Step 9: Reclaim Lost Backlinks and Unlinked Brand Mentions
Two high-conversion quick wins that most off-page SEO workflows skip:
Lost backlinks: Use Ahrefs‘ Lost Backlinks report to identify links that existed in the past but disappeared. Common causes are page updates that removed your link, URL migrations that broke the connection, or deleted articles. A well-written reclaim email to a webmaster you once had a link from has a high success rate.
Unlinked brand mentions: Find mentions of your brand, product, or founder name that appear online without a link. Tools like Google Alerts, Ahrefs Alerts, and Brand24 surface these automatically. Contact the author and ask them to add a link. Conversion rates are high because the writer has already shown they know your brand.
Together these two tactics can recover significant link equity in weeks, often faster than building entirely new links.
Brand Building and Digital PR Checklist
Step 10: Set Up Brand Mention Monitoring
Brand mention monitoring ensures you never miss an opportunity to convert a mention into a link, respond to coverage, or identify trends in how your brand is being discussed.
Set up alerts for:
- Your brand name and product names
- Key executives and founders
- Your main topic keywords (to spot conversations where you should be referenced)
- Competitor mentions (to identify media relationships you could target)
Tools: Google Alerts (free, good coverage), Ahrefs Alerts (picks up web mentions across Ahrefs‘ index), Brand24 or Mention (real-time monitoring with sentiment scoring). Review alerts at least weekly.

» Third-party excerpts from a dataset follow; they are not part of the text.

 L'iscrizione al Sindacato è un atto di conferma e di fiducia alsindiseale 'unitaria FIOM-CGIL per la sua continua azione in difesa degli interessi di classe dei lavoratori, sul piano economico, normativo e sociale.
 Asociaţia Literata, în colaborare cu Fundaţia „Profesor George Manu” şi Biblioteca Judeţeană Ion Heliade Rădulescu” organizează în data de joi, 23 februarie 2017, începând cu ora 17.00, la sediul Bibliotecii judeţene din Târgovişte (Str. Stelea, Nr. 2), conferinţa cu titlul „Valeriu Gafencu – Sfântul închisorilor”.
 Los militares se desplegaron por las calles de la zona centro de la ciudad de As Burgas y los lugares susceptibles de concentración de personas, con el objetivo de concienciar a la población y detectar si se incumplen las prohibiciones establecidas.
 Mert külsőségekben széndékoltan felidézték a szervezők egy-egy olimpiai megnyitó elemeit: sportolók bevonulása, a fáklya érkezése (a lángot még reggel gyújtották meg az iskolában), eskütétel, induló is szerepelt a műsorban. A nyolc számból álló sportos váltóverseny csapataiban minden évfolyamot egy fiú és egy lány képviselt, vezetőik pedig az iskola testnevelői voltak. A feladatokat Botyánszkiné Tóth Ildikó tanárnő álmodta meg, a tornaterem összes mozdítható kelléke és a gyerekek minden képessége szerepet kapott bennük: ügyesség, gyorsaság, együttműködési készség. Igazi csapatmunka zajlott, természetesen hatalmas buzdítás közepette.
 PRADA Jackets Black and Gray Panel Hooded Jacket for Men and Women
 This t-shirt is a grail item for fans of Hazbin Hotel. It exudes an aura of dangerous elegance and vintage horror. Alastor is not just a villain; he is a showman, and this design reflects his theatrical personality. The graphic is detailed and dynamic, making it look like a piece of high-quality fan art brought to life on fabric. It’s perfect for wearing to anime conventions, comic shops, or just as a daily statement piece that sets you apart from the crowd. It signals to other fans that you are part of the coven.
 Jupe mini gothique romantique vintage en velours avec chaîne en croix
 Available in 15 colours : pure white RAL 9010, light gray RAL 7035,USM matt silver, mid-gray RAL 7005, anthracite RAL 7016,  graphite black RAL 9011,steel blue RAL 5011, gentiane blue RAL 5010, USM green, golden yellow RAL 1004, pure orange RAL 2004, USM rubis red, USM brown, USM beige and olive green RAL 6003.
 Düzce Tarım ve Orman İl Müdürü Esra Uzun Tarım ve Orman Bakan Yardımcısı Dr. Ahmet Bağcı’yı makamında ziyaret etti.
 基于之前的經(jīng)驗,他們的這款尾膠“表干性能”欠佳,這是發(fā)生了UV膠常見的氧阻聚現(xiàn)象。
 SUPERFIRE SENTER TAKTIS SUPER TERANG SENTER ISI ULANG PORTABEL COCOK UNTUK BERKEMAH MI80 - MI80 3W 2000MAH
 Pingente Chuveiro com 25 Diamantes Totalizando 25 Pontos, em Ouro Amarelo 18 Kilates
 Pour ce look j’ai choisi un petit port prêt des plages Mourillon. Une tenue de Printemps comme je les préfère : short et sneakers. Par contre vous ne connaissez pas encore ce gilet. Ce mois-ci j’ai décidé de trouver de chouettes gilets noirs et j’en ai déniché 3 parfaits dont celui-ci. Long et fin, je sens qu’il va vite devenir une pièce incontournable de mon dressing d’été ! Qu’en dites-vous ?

Step 11: Run Digital PR Campaigns for High-Authority Links
Digital PR earns editorial coverage from news sites, industry publications, and media outlets. A successful campaign can generate 20 to 50 high-DR backlinks in a few weeks, well beyond what a standard outreach workflow produces in the same time.
Effective digital PR story angles:
- Original survey data: A well-designed survey on a topic your industry cares about gives journalists a story to write with a citable data source
- Contrarian analysis: Challenge widely repeated statistics or conventional wisdom with evidence
- Newsjacking: Respond to breaking industry news with expert commentary within 24 to 48 hours of a story breaking
- Awards and lists: Applications for industry awards generate trade press coverage when shortlisted or won
- Company milestones: New integrations, major client wins, or funding rounds earn relevant trade media coverage
The key difference from guest posting is the target: digital PR reaches journalists and editors at publications, not blog managers. The pitch needs a news angle that serves their readers, not just a useful article about your niche. Our digital PR guide covers campaign formats, media list building, and how to measure the impact of earned coverage.
Step 12: Encourage Branded Searches
Branded search volume is a trust signal. When many users specifically search for your brand name, Google interprets that pattern as evidence of genuine authority and demand. Branded searches also influence AI search visibility: models that have seen your brand name frequently co-occurring with your target topics in their training data are more likely to surface your brand in AI-generated answers.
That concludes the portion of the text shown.